You can inspect the initial IR code by calling the pretty printer:
qft.print()
And emit QASM2 code
from bloqade.qasm2.emit import QASM2 # the QASM2 target
from bloqade.qasm2.parse import pprint # the QASM2 pretty printer
target = QASM2()
ast = target.emit(main)
pprint(ast)
Understanding the compilation process
The compilation process is divided into several stages:
- Lowering: the decorator
qasm2.extended
takes the Python Abstract Syntax Tree (AST) and lowers it into Kirin IR in the Static Single Assignment (SSA) form. - Interpretation: when invoking the PyQrack backend, the IR code is interpreted via Kirin's IR interpreter (missing link) with the PyQrack runtime backend.
- Target code generation: when emitting QASM2 code:
- The IR code gets aggressively inlined and all constant expressions are evaluated.
- All loops and control flow are unrolled.
- All compatible Python expressions (e.g
sin
, arithmetics) are translated into QASM2 expression. - The QASM2 code is emitted as QASM2 AST for pretty printing.
Progressive compilation
As well as writing circuit executions, you can also progressively transform and compile that circuit. For example, you may want to lower arbitrary single qubit unitaries into hardware-specific unitaries, as is done in this example. For more details on the kinds of circuit-level compiler passes and how to write your own, see here
Dialect groups
Bloqade provides a set of dialects (missing link) for QASM2 and our custom extensions to model parallel gates in neutral atom architectures. The basic QASM2 functionality can be enabled via
pip install bloqade[qasm2]
Extended QASM
The decorator qasm2.extended
is a group of smaller dialects:
extended = structural_no_opt.union(
[
inline,
uop,
glob,
noise,
parallel,
core,
]
)
where structural_no_opt
is the base dialect group that provides the basic control flow, common Python expressions (but not all), then:
core
provides the core QASM2 operations such as register allocation, measurement and reset.uop
provides the unary operations, such as standard Pauli gates, rotation gates, etc.
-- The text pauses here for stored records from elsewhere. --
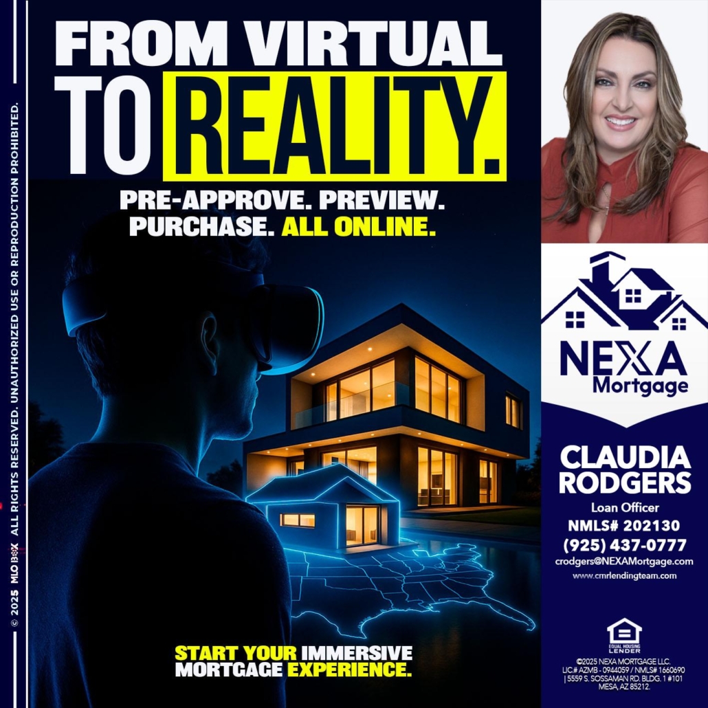 Hi, my name is Claudia Rodgers. I’m a Loan Officer with NEXA Mortgage LLC., offering personalized mortgage solutions, fast customized quotes, great rates and service with integrity.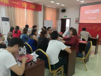 大北农集团湖北区总经理陈红心致辞,陈红心首先对英国365集团网站各位领导、老师、同学们到来表示热烈欢迎!陈老师详细介绍了大北农集团和湖北区的发展,讲到大北农二十余载的发展,始终秉承人是企业发展唯一资源的人才理念,不拘一格降人才,用大北农的事业是我们大家的事业的创业平台,聚集了一批又一批的学农、爱农的青年学子来大北农创业。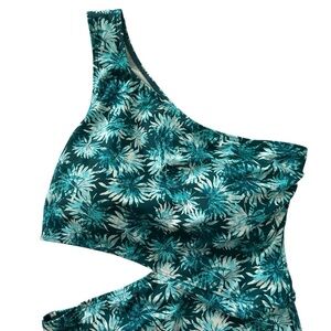 Stylish one-shoulder swimsuit with a aqua blue green leaf print. Perfect for a chic beach look.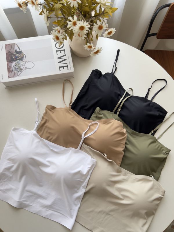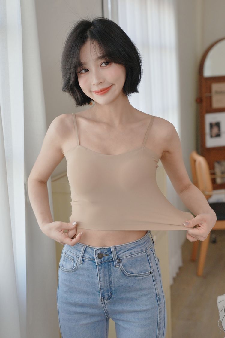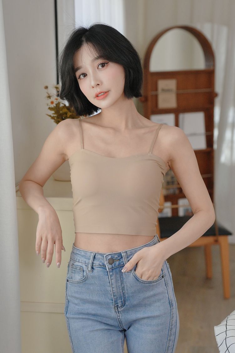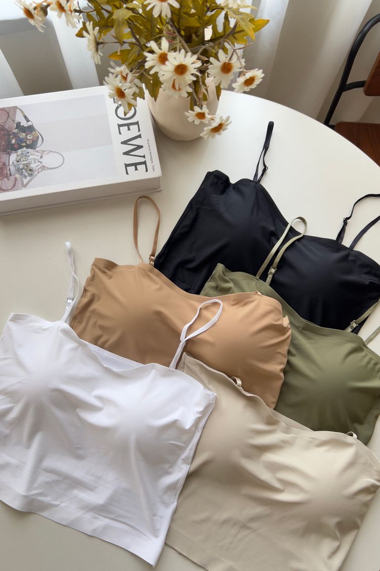 【限量現貨】涼感平口細肩Bra Top(固定杯/肩帶可調)*5色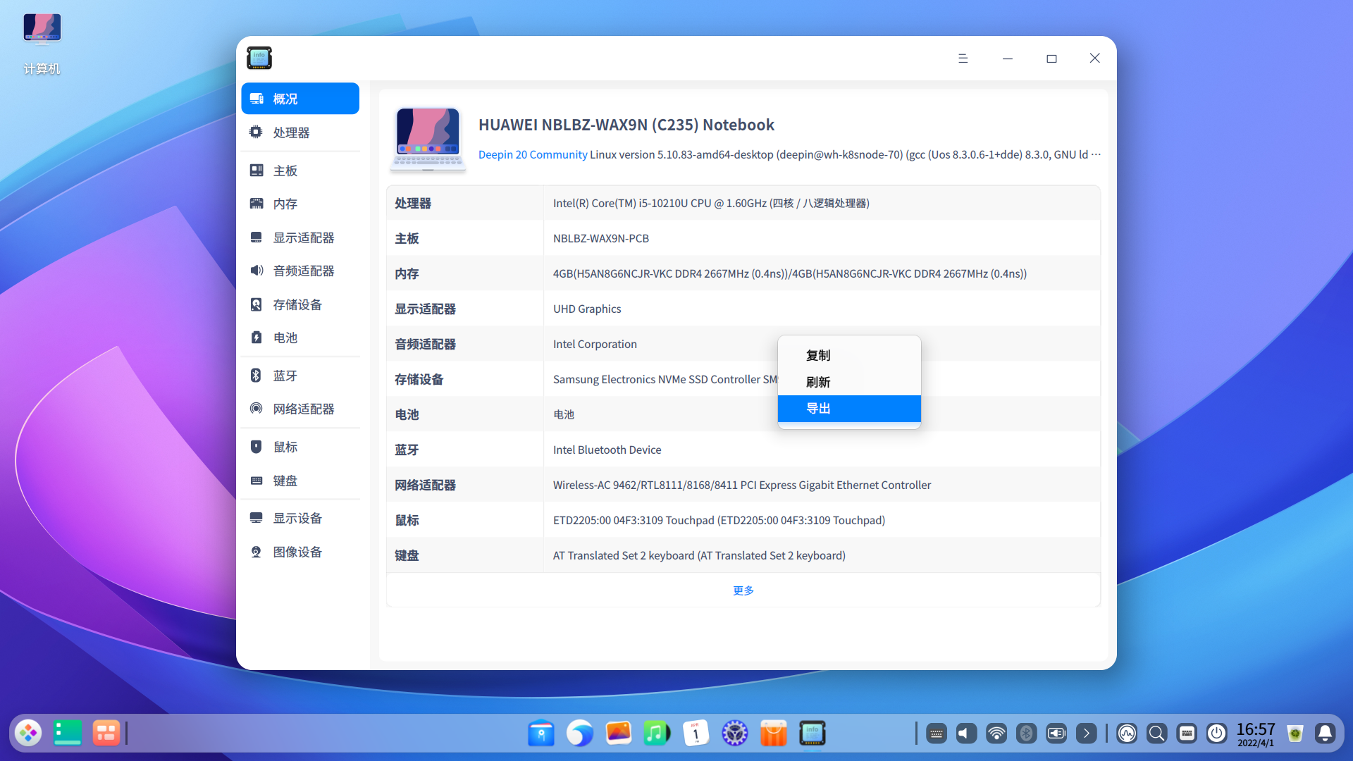 1、打开设备管理器应用,在“概况”界面鼠标右键,选择[导出],保存设备信息txt文件。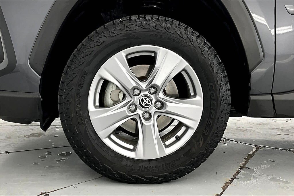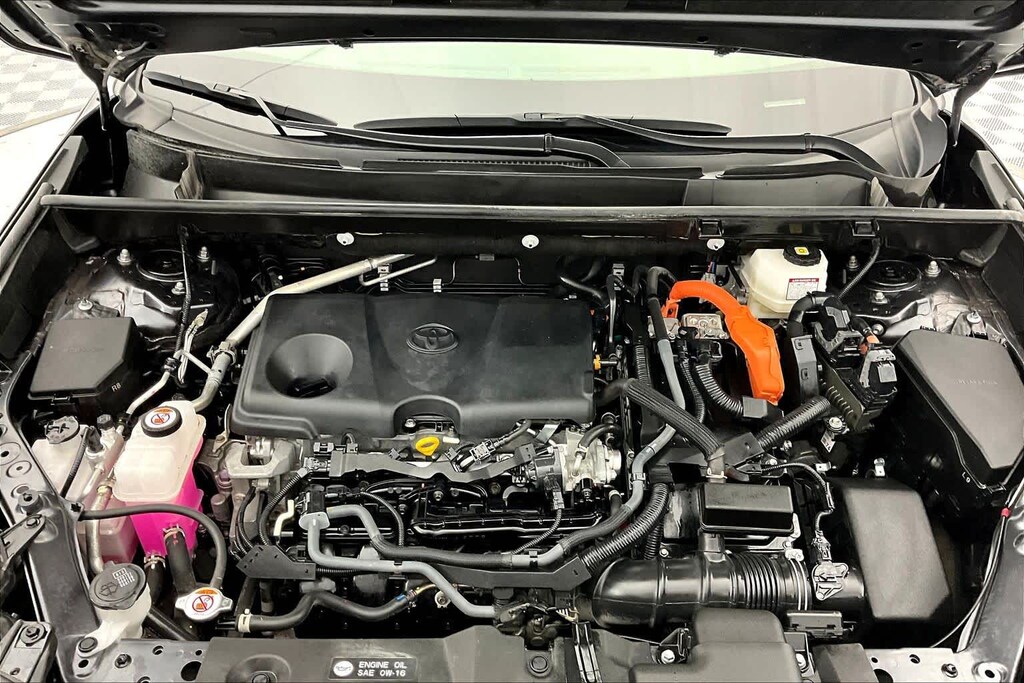 Convenience Package (Front Door Smart Key System w/Push Button Start and Tilt & Slide Moon Roof), XLE Grade Weather Package (Front Seat Heating and Heated 3-Spoke Leather Steering Wheel), RAV4 Hybrid XLE, AWD, 4-Wheel Disc Brakes, 6 Speakers, ABS brakes, Air Conditioning, All Weather Floor Liners & Cargo Tray (TMS), Alloy wheels, AM/FM radio: SiriusXM, Auto High-beam Headlights, Automatic temperature control, Axle Ratio: TBD, Black Chrome Exhaust Tip (TMS), Body Side Molding (TMS), Brake assist, Bumpers: body-color, Delay-off headlights, Door Edge Guard (TMS), Driver door bin, Driver vanity mirror, Dual front impact airbags, Dual front side impact airbags, Electronic Stability Control, Emergency communication system: Safety Connect (1-year trial), Exterior Parking Camera Rear, Fabric Seat Trim, First Aid Kit (TMS), Fog Light Accent (TMS), Four wheel independent suspension, Front anti-roll bar, Front Bucket Seats, Front Center Armrest, Front dual zone A/C, Front reading lights, Front Sport Seats, Fully automatic headlights, Heated door mirrors, Illuminated entry, Knee airbag, Lane Departure Warning System, Low tire pressure warning, Occupant sensing airbag, Outside temperature display, Overhead airbag, Overhead console, Panic alarm, Passenger door bin, Passenger vanity mirror, Power door mirrors, Power driver seat, Power steering, Power windows, Radio data system, Radio: AM/FM/XM Audio System, Rear anti-roll bar, Rear seat center armrest, Rear window defroster, Rear window wiper, Remote keyless entry, Speed control, Speed-sensing steering, Split folding rear seat, Spoiler, Steering wheel mounted audio controls, Telescoping steering wheel, Tilt steering wheel, Traction control, Trip computer, Turn signal indicator mirrors, Variably intermittent wipers, and Wheels: 17 x 7.0J Silver Aluminum Alloy. Local Trade, New Tires, RAV4 Hybrid XLE, AWD, Convenience Package, Front Door Smart Key System w/Push Button Start, Front Seat Heating, Heated 3-Spoke Leather Steering Wheel, Tilt & Slide Moon Roof, XLE Grade Weather Package.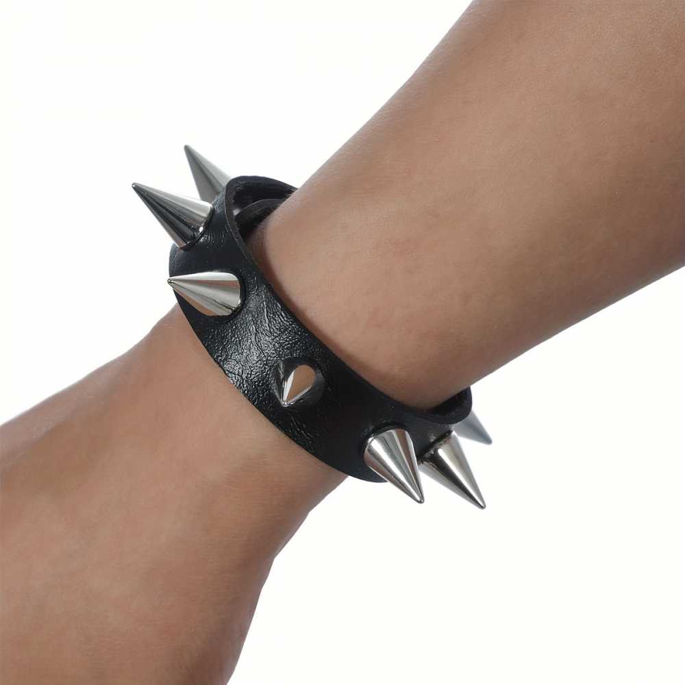 Bracelet unisexe en cuir PU avec rivets et pointes en métal style punk rock, 1 pièce

The following dialects are specific to neutral atom quantum computing as an extension:
glob
provides the global gates (Rydberg specific)noise
provides the noise channelsparallel
provides the parallel gate support (Rydberg specific).inline
dialect provides the inline QASM string
Strict QASM2 mode
While the qasm2.extended
decorator provides a lot of high-level features as an extension of QASM2, you may want to program in strict QASM2 mode for compatibility reasons. You can do this by using the qasm2.main
and qasm2.gate
decorators:
@qasm2.main
def main():
qasm2.h(0)
qasm2.cx(0, 1)
qasm2.measure(0)
qasm2.measure(1)
return qasm2.qreg(2)
which corresponding to the following QASM2 code:
OPENQASM 2.0;
include "qelib1.inc";
qreg q[2];
creg c[2];
h q[0];
cx q[0], q[1];
measure q[0] -> c[0];
measure q[1] -> c[1];
Note that the return
values are all ignored due to lack of equivalent in QASM2.